*Provided material*.
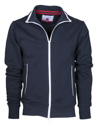 Herren-Sweatjacke mit durchgehendem 2-Wege-SBS-Reißverschluss aus Kunststoff in Kontrastfarbe mit Metallschieber, kontrastfarbiger Einfassung auf dem Rippstrickkragen und auf den Seitentaschen, Kugelärmeln, zwei Außentaschen mit Reißverschlüssen in Kontrastfarbe, elastischem Feinripp an Ärmeln und Taille, verstärkten Nähten
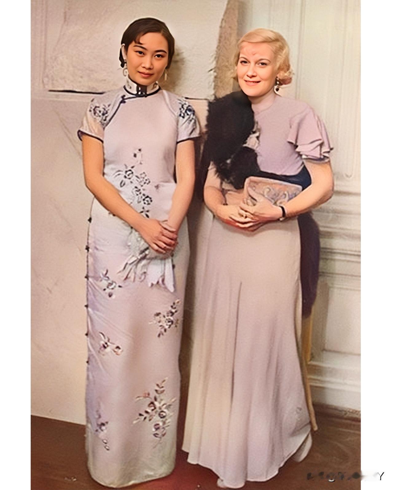 这是胡蝶在莫斯科与苏联电影明星奥格洛娃的一张合影老照片,拍摄于一九三五年。彼时胡蝶二十七岁,身着旗袍,美到极致!
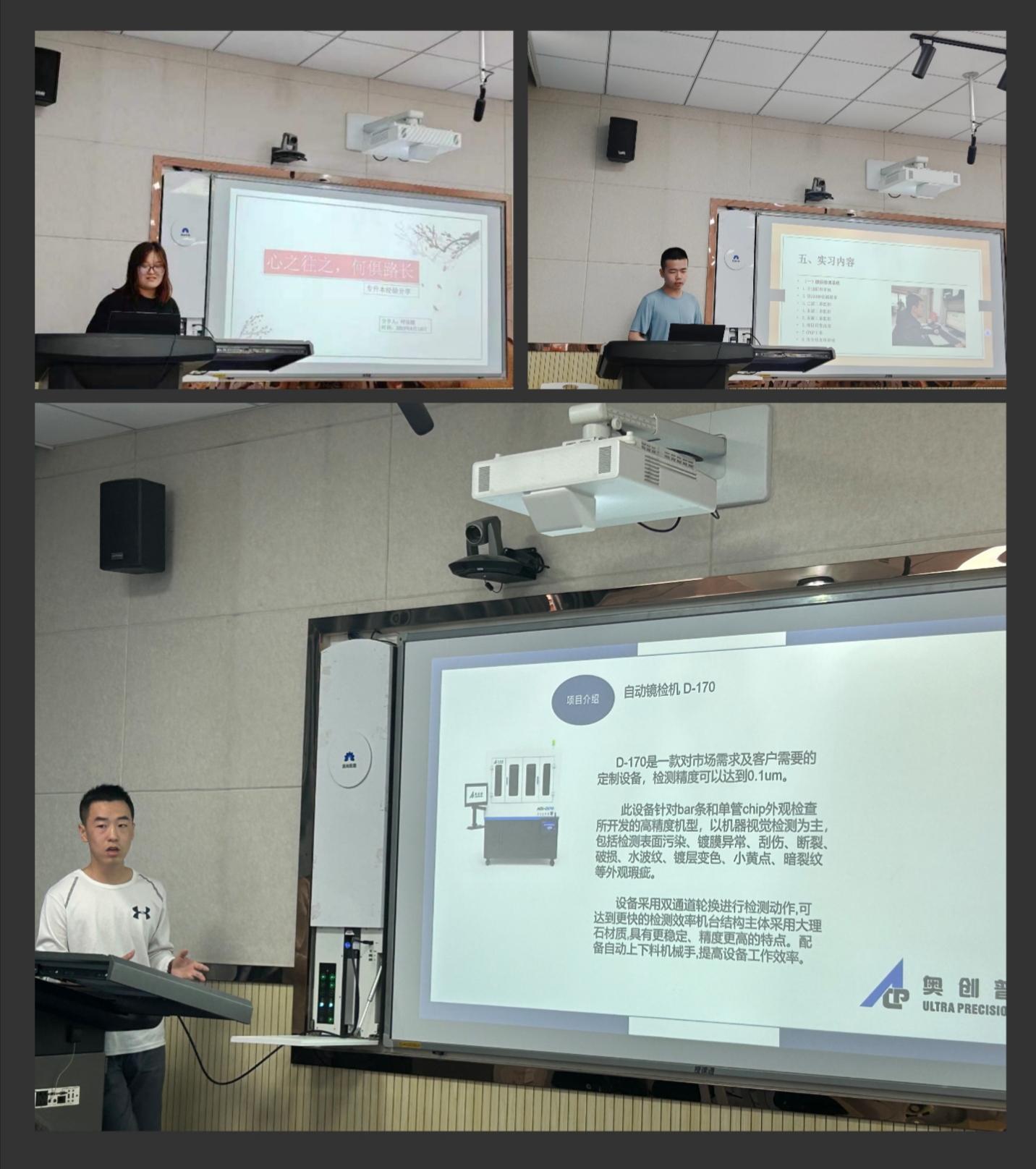 此次答辩会分为学生汇报和教师提问两个环节。学生以图文并茂的形式,结合PPT演示,从实习目的、实习单位介绍、岗位工作、实习内容、实习总结与体会等方面进行了汇报,在答辩过程中,每位实习生展现出了卓越的表现和出色的专业素养。可以看出,本次实习中同学们能够将学校所学的知识与技能和岗位实际工作紧密结合,实习经历促使他们解决问题、交际沟通、团体协作和职业规划能力都得到了提高。接着,企业指导教师和学校指导教师针对每个学生的实习提出相关问题,学生现场进行解答,答辩氛围既专业严肃,又温馨和谐。陈高锋院长对本次答辩会进行了检查和观摩。最后,各位老师为毕业生们送上祝福和寄语,希望同学们能够在人生的道路上,保持勇气和坚持不懈的努力,追求自己的梦想并克服困难。
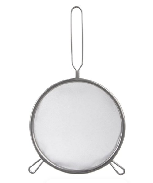 Cedník s velmi jemným sítkem (oka 0.45 x 0.45 mm), s rukojetí a očkem dobře drží na hrnečku. Průměr 24.5 cm, délka 39 cm. Nerezová ocel. Vhodné do myčky nádobí. EAN 8592381227081

*Assigned task*. Please ensure that the data above is repeated exactly, with no pictures in the copy.

*Answer box*.
 Herren-Sweatjacke mit durchgehendem 2-Wege-SBS-Reißverschluss aus Kunststoff in Kontrastfarbe mit Metallschieber, kontrastfarbiger Einfassung auf dem Rippstrickkragen und auf den Seitentaschen, Kugelärmeln, zwei Außentaschen mit Reißverschlüssen in Kontrastfarbe, elastischem Feinripp an Ärmeln und Taille, verstärkten Nähten
 这是胡蝶在莫斯科与苏联电影明星奥格洛娃的一张合影老照片,拍摄于一九三五年。彼时胡蝶二十七岁,身着旗袍,美到极致!
 此次答辩会分为学生汇报和教师提问两个环节。学生以图文并茂的形式,结合PPT演示,从实习目的、实习单位介绍、岗位工作、实习内容、实习总结与体会等方面进行了汇报,在答辩过程中,每位实习生展现出了卓越的表现和出色的专业素养。可以看出,本次实习中同学们能够将学校所学的知识与技能和岗位实际工作紧密结合,实习经历促使他们解决问题、交际沟通、团体协作和职业规划能力都得到了提高。接着,企业指导教师和学校指导教师针对每个学生的实习提出相关问题,学生现场进行解答,答辩氛围既专业严肃,又温馨和谐。陈高锋院长对本次答辩会进行了检查和观摩。最后,各位老师为毕业生们送上祝福和寄语,希望同学们能够在人生的道路上,保持勇气和坚持不懈的努力,追求自己的梦想并克服困难。
 Cedník s velmi jemným sítkem (oka 0.45 x 0.45 mm), s rukojetí a očkem dobře drží na hrnečku. Průměr 24.5 cm, délka 39 cm. Nerezová ocel. Vhodné do myčky nádobí. EAN 8592381227081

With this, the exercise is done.